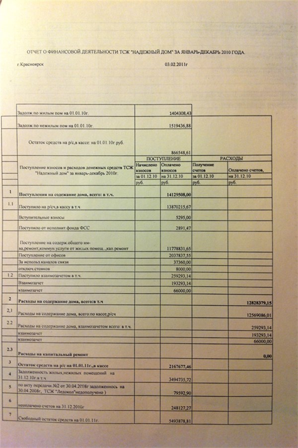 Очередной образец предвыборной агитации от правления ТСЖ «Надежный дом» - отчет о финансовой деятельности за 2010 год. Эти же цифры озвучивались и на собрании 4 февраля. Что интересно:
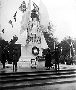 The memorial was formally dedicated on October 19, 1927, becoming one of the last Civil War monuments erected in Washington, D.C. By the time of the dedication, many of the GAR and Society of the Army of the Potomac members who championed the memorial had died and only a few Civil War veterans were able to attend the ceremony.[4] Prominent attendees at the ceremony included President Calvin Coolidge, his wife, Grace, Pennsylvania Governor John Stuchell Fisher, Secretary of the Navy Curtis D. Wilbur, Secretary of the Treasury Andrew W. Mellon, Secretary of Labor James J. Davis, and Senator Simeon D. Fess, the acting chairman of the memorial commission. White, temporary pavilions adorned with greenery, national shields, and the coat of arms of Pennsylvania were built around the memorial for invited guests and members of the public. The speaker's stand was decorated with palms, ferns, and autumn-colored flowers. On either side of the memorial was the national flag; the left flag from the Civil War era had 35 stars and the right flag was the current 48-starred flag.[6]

§

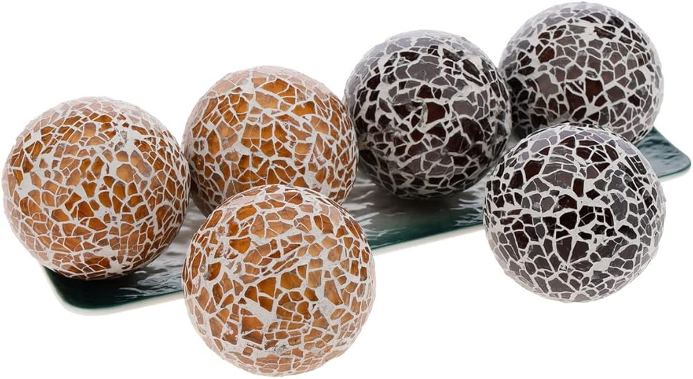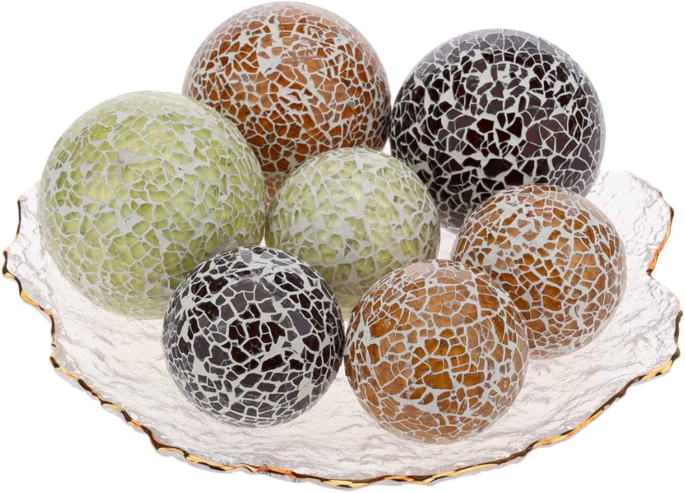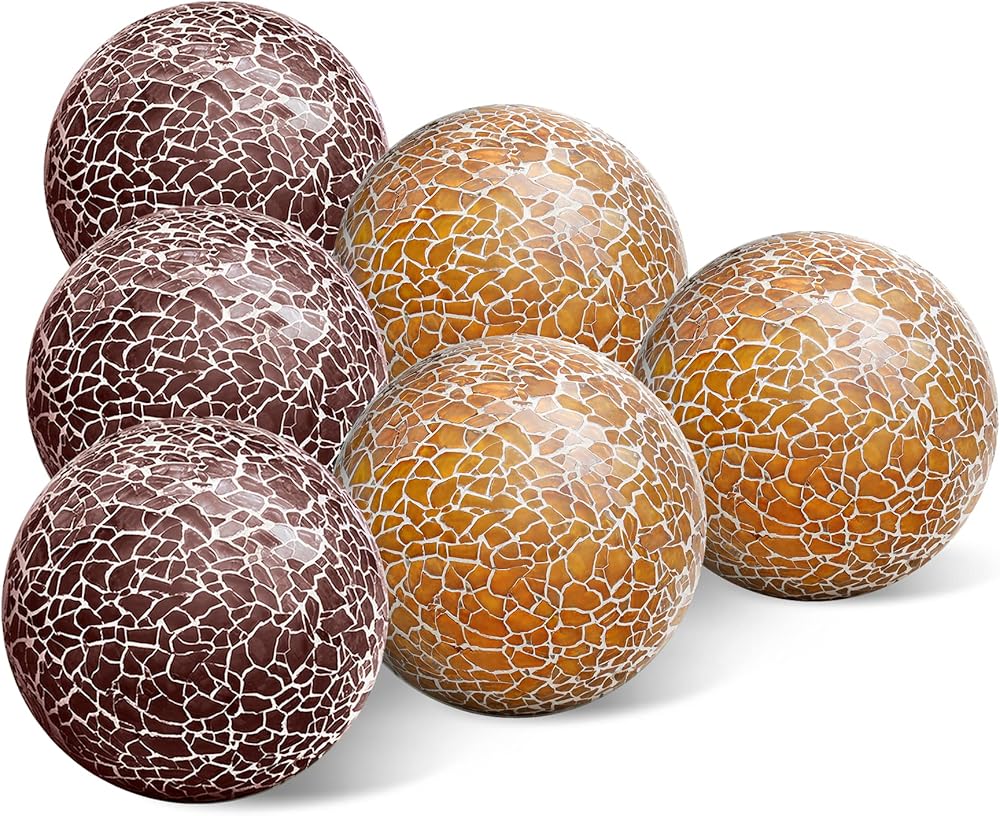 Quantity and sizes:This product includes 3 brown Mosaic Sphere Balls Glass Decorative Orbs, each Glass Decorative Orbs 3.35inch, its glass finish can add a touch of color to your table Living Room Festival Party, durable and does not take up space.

§

Problem statement:
Nothing but the lines from the one with "Очередной образец предвыборной" up to and including the one with "The memorial was formally" should be printed, exactly as they read above. Please keep the pictures out.

Result for this exercise:
 Очередной образец предвыборной агитации от правления ТСЖ «Надежный дом» - отчет о финансовой деятельности за 2010 год. Эти же цифры озвучивались и на собрании 4 февраля. Что интересно:
 The memorial was formally dedicated on October 19, 1927, becoming one of the last Civil War monuments erected in Washington, D.C. By the time of the dedication, many of the GAR and Society of the Army of the Potomac members who championed the memorial had died and only a few Civil War veterans were able to attend the ceremony.[4] Prominent attendees at the ceremony included President Calvin Coolidge, his wife, Grace, Pennsylvania Governor John Stuchell Fisher, Secretary of the Navy Curtis D. Wilbur, Secretary of the Treasury Andrew W. Mellon, Secretary of Labor James J. Davis, and Senator Simeon D. Fess, the acting chairman of the memorial commission. White, temporary pavilions adorned with greenery, national shields, and the coat of arms of Pennsylvania were built around the memorial for invited guests and members of the public. The speaker's stand was decorated with palms, ferns, and autumn-colored flowers. On either side of the memorial was the national flag; the left flag from the Civil War era had 35 stars and the right flag was the current 48-starred flag.[6]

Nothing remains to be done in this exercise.